If you had lunch with Bank of Canada Governor Stephen Poloz, what message would you want to deliver? What is it that you think he needs to know as he does his work overseeing the Canadian economy? What would you say?
CREB® Chief Economist Ann-Marie Lurie and I have been invited to have lunch with Mr. Poloz late in November, and we are ready to give him our insights into current housing market challenges.
Keeping an ear to the ground is a key part of his job. As you may know, the Bank of Canada organizes extensive surveys and consultations, with real estate representing one of many sectors Mr. Poloz would meet with in any given week.
According to the Bank of Canada Act, the role of our central bank is "to promote the economic and financial welfare of Canada". CREB® members know first-hand the local impact of monetary policy and efforts to protect our financial systems, but how do you feel about rumours that the Bank of Canada is considering raising interest rates?

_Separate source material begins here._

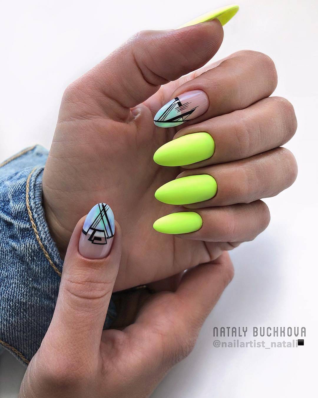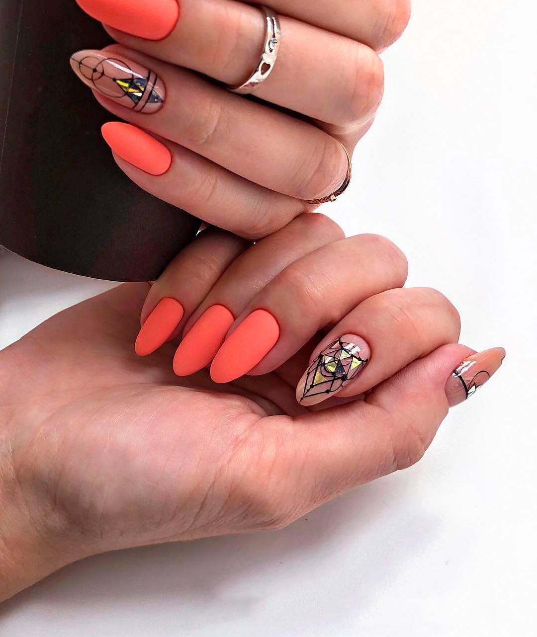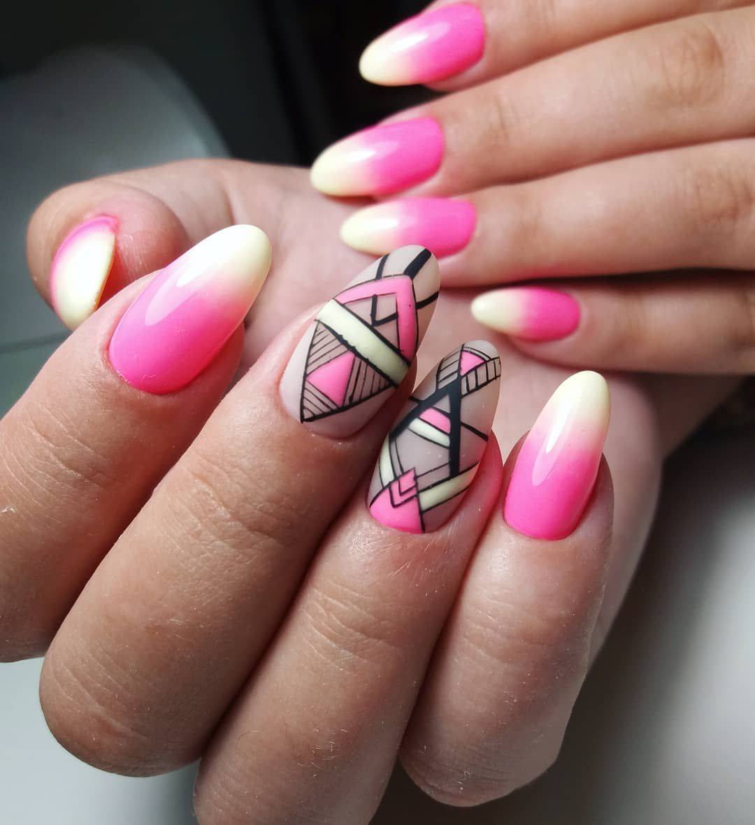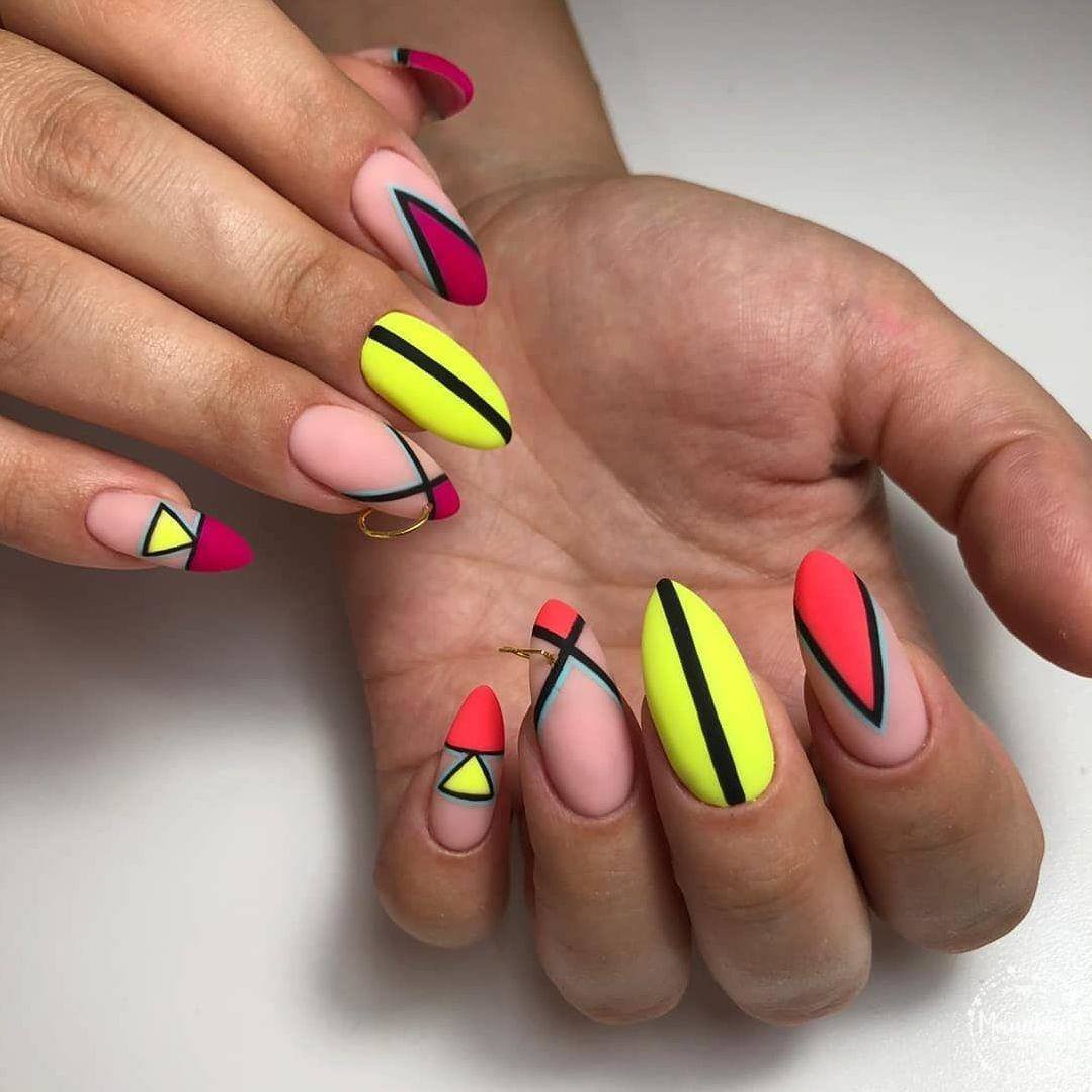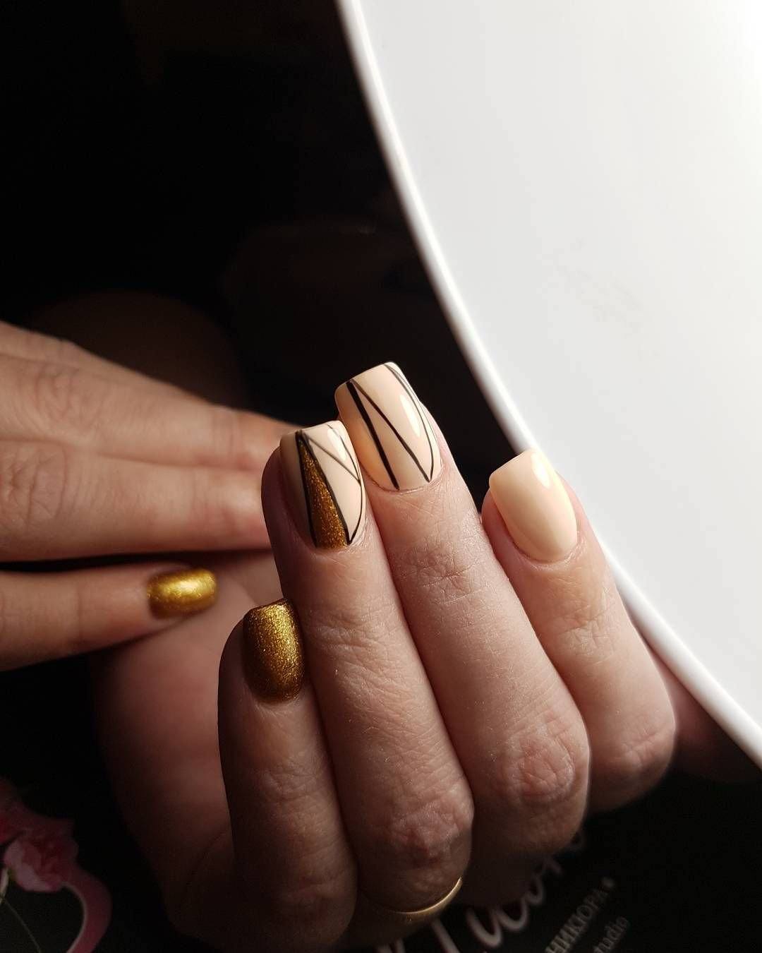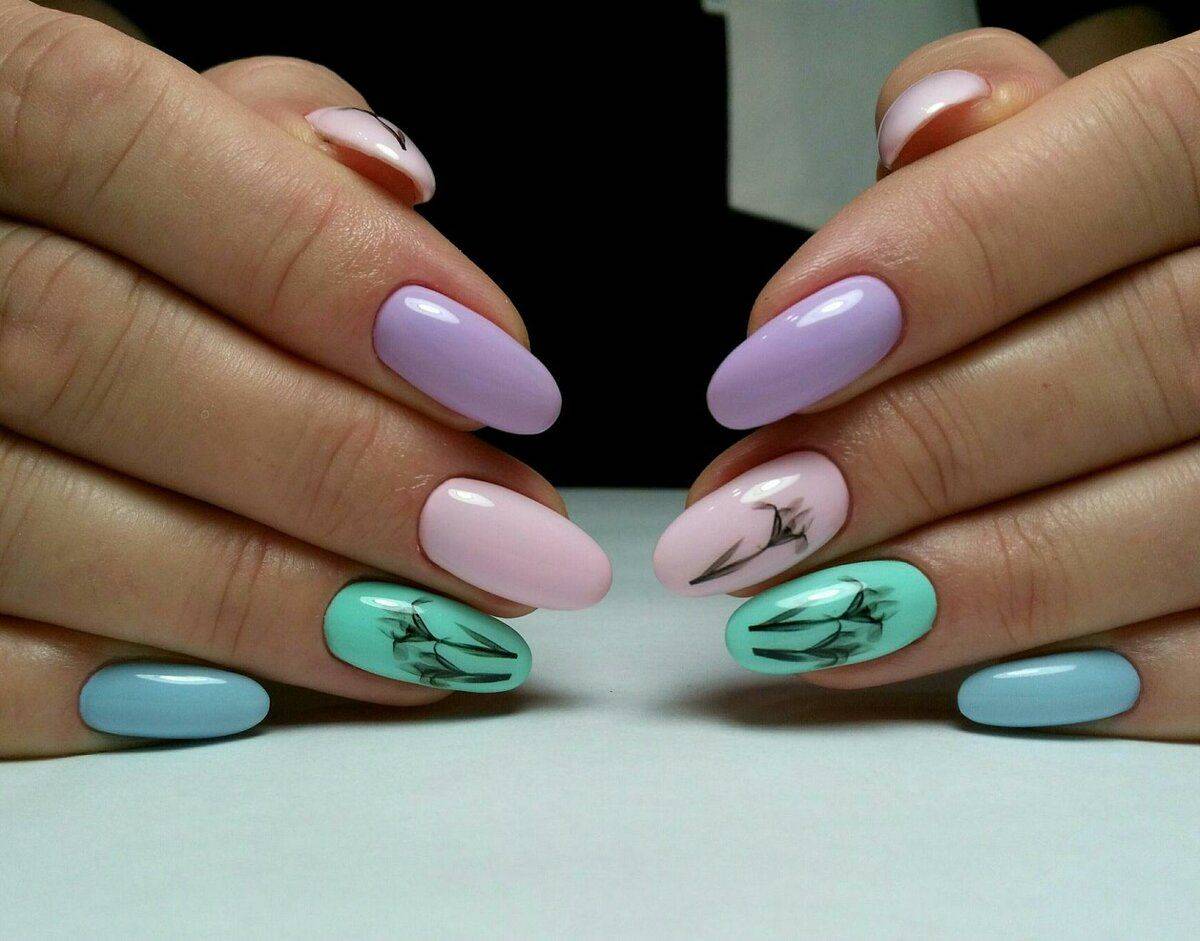Оригинально смотрится маникюр с геометрическими фигурами, окрашенными в разные оттенки. Выполнять такой узор лучше на 1-2 пальцах руки, чтобы маникюр не выглядел слишком сложно. Чтобы геометрия смотрелась лаконичнее и нежнее, используйте полоски разного цвета, прорисованные по направлению роста ногтей.

We acknowledge there are many different pressures and influences on the Bank of Canada, but it’s important that we make the case for a healthier real estate environment. As we continue to make the case that the long list of changes in mortgage rules have had a very negative impact on our market, we will discuss:
- A July 2018 report by Mortgage Professionals Canada that estimates about 100,000 Canadians (18 per cent of the national market) have been prevented from buying their preferred home due to new federal mortgage rules; and
- Research CREA released earlier this year, which showed how home sales boost the Canadian economy with $64,000 in spin-off spending resulting in one job for every three home transactions.
We know what content we need to cover, but we want to ensure we capture the voice of our members.